I'm doing a self-review of probability, working my way through Ross' Introduction to Probability. I don't understand the final claim of the example below (from chapter 3, example 5c):
Independent trials, each resulting in a success with probability $p$ or a failure with probability $q = 1 − p$, are performed. We are interested in computing the probability that a run of $n$ consecutive successes occurs before a run of $m$ consecutive failures.
Following the given solution, but paraphrasing, let $E$ be the event that a run of $n$ consecutive successes occurs before a run of $m$ consecutive failures; let $H$ be the event that the first trial succeeds, and condition on the first trial.
$$ P(E) = p P(E|H) + q P(E|H^C) $$
Now, let $F$ be the event that trials 2 through $n$ all are successes, so:
$$ \begin{align*} P(E|H) & = P(E|FH)P(F|H) + P(E|F^CH)P(F^C|H) \\\ &= 1 \cdot p^{n-1} + P(E|F^CH) (1 - p^{n-1}) \end{align*} $$
My question, now, is how to calculate $P(E|F^CH)$. Ross writes
[...] if the event $F^CH$ occurs, then the first trial would result in a success, but there would be a failure some time during the next $n − 1$ trials. However, when this failure occurs, it would wipe out all of the previous successes, and the situation would be exactly as if we started out with a failure. Hence, $P(E|F^CH) = P(E|H^C)$.

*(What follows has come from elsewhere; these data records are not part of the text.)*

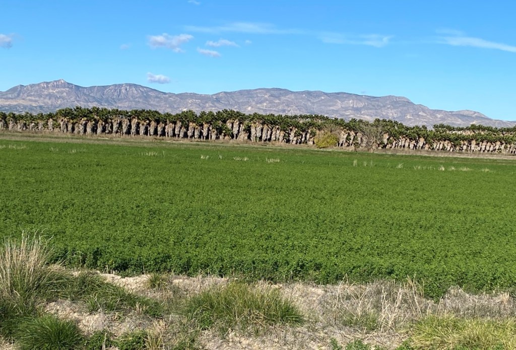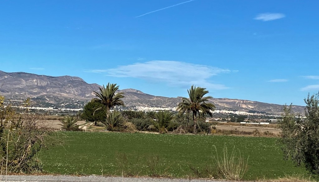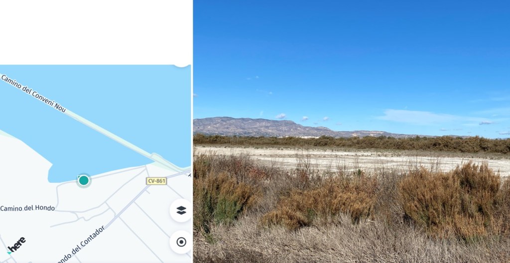 Laut meinem Karten-App liegt gleich um die Ecke der See El Hondo mit der Laguna del Fondo und mit einem Damm, den ich mit dem Velo überqueren wollte.
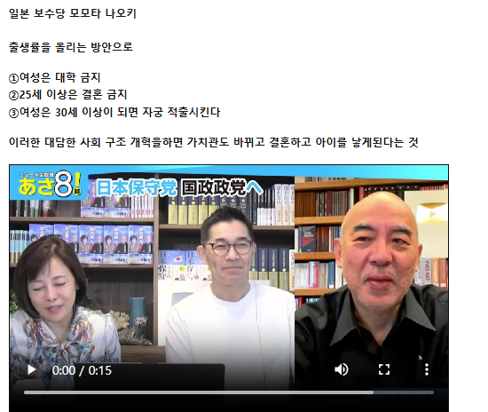 #일본 #저출산정책 #여성대학금지 #극단적발언 #인권논란 #일본보수당 #햐쿠타나오키 #중의원 #정치논란 #페미니즘
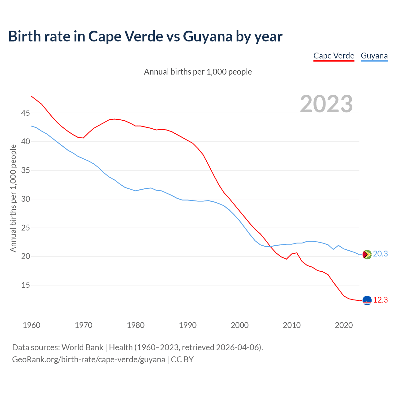GeoRank.org/birth-rate/cape-verde/guyana | CC BY
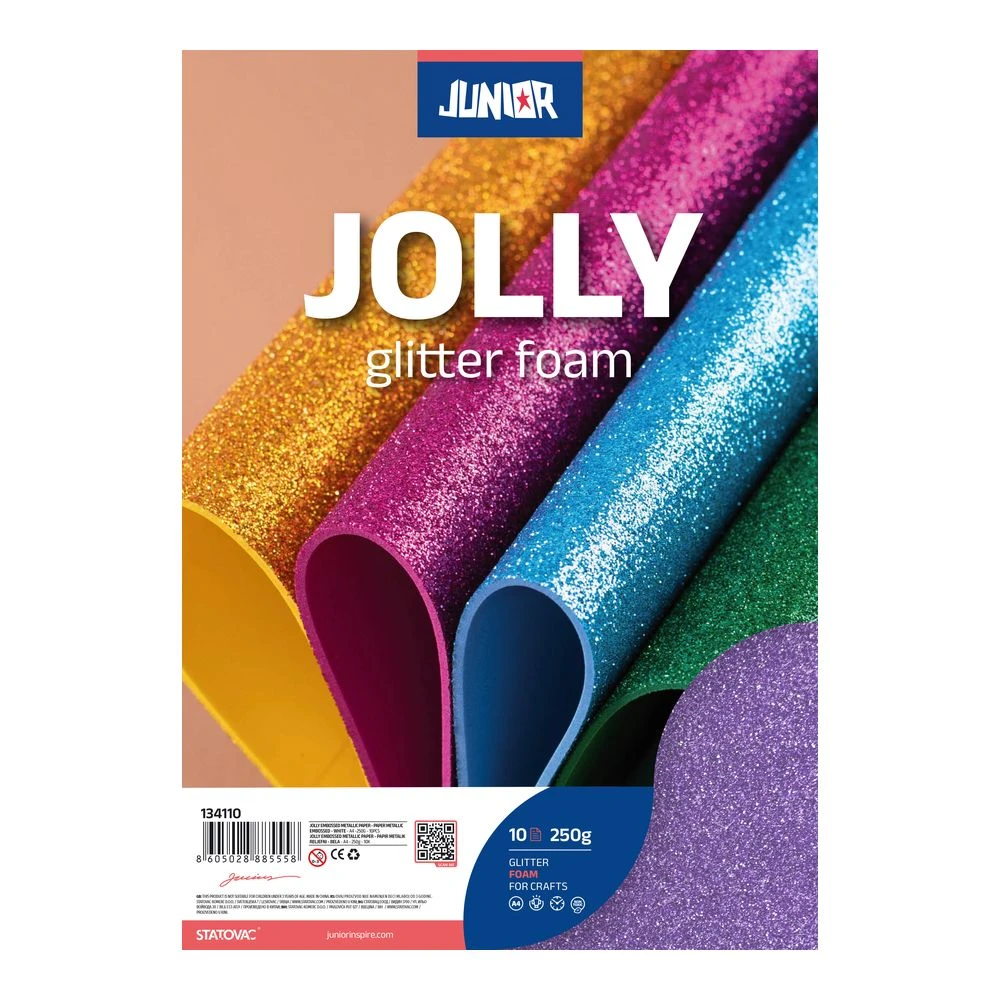 Violet glitter EVA foam sheets with a trendy, sparkling finish for standout crafts and displays. A4 format, 2.0 mm thickness, pack of 10. Lightweight, flexible, and easy to cut for clean shapes—ideal for retail decorations, school projects, signage, and creative packaging accents.
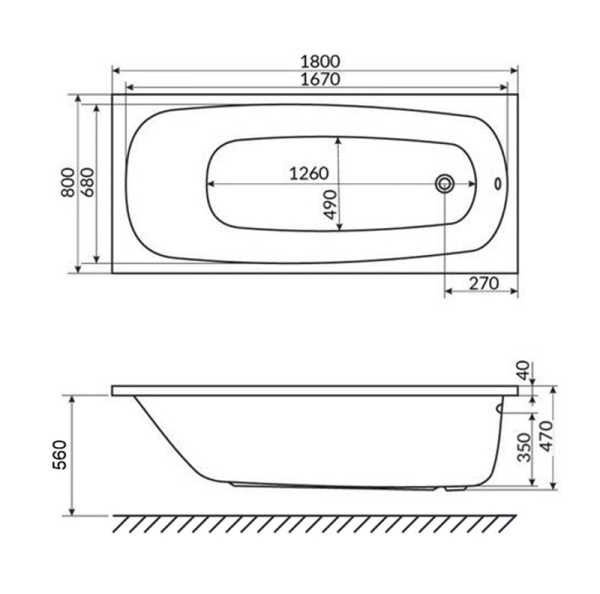 Акриловая ванна Whitecross Layla 180x80 белая, без каркаса
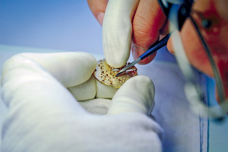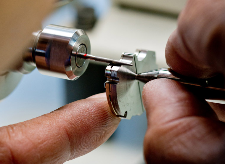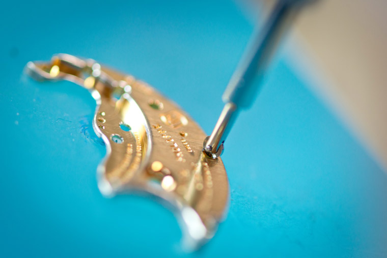 这项操作步骤充满想像力,却有一个直接了当的名字。使用在轻质汽油中浸泡过的珠宝加工工具,在先前由机器钻出的小孔上旋转挖出倒角凹面——亦称为凹槽。为了装配螺丝或镶嵌宝石,接着要将凹槽高度拋光。
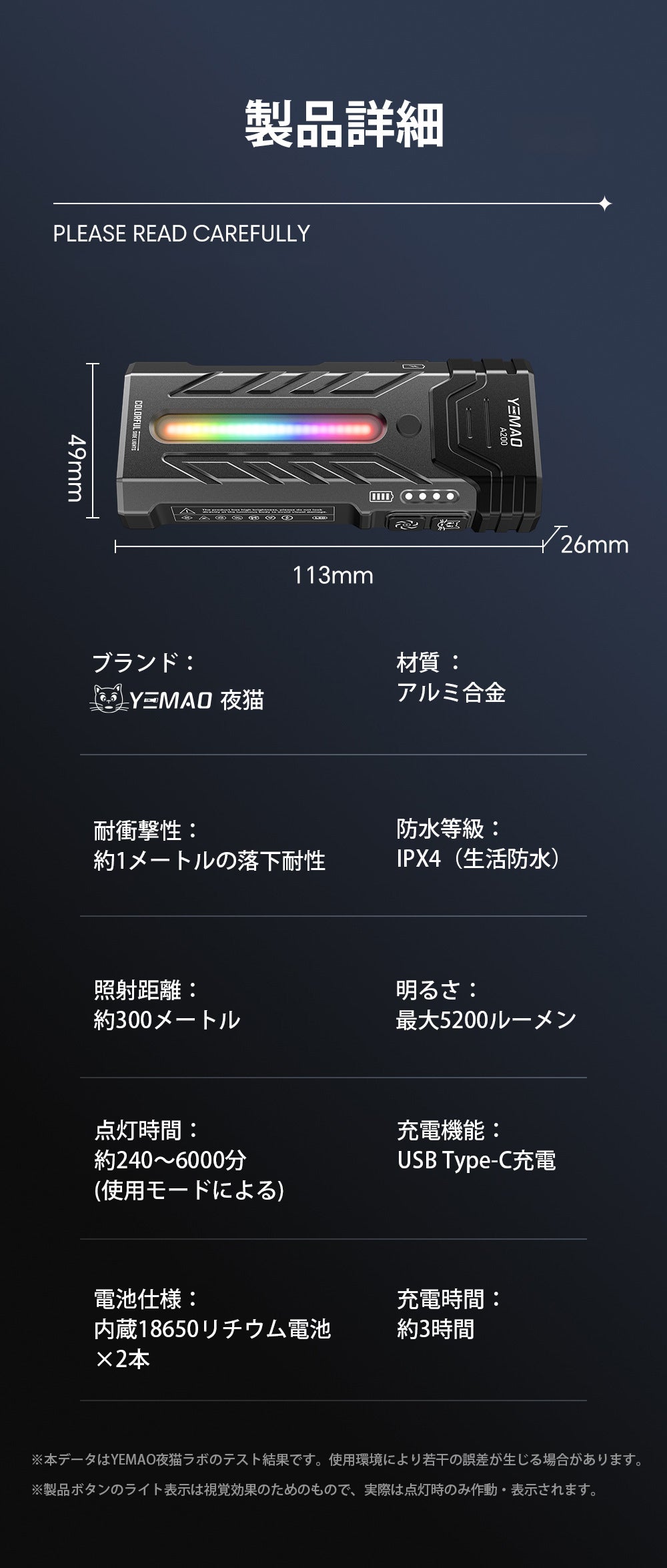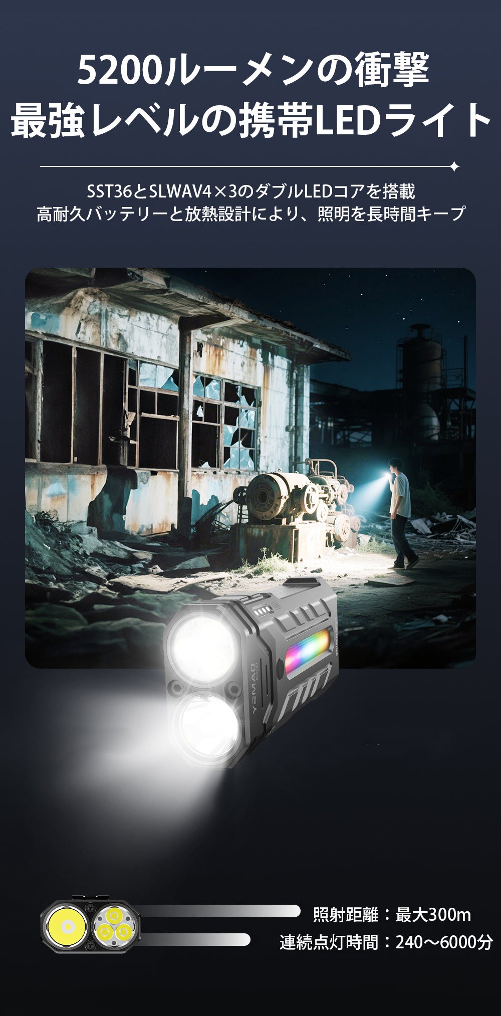 本製品は最大5200ルーメンの超高輝度照明に対応しており、暗闇を昼のように照らし出せるため、視界が確保できず不安になることはもうありません。

Um... what? I don't follow this, at all. I've googled a bit and other books simply repeat this paragraph almost verbatim. If anyone can explain more clearly, I would be grateful.
Note this question was also asked here: Run of $N$ successes before run of $k$ failures . I read the link and the referenced book but it says virtually the same thing as Ross.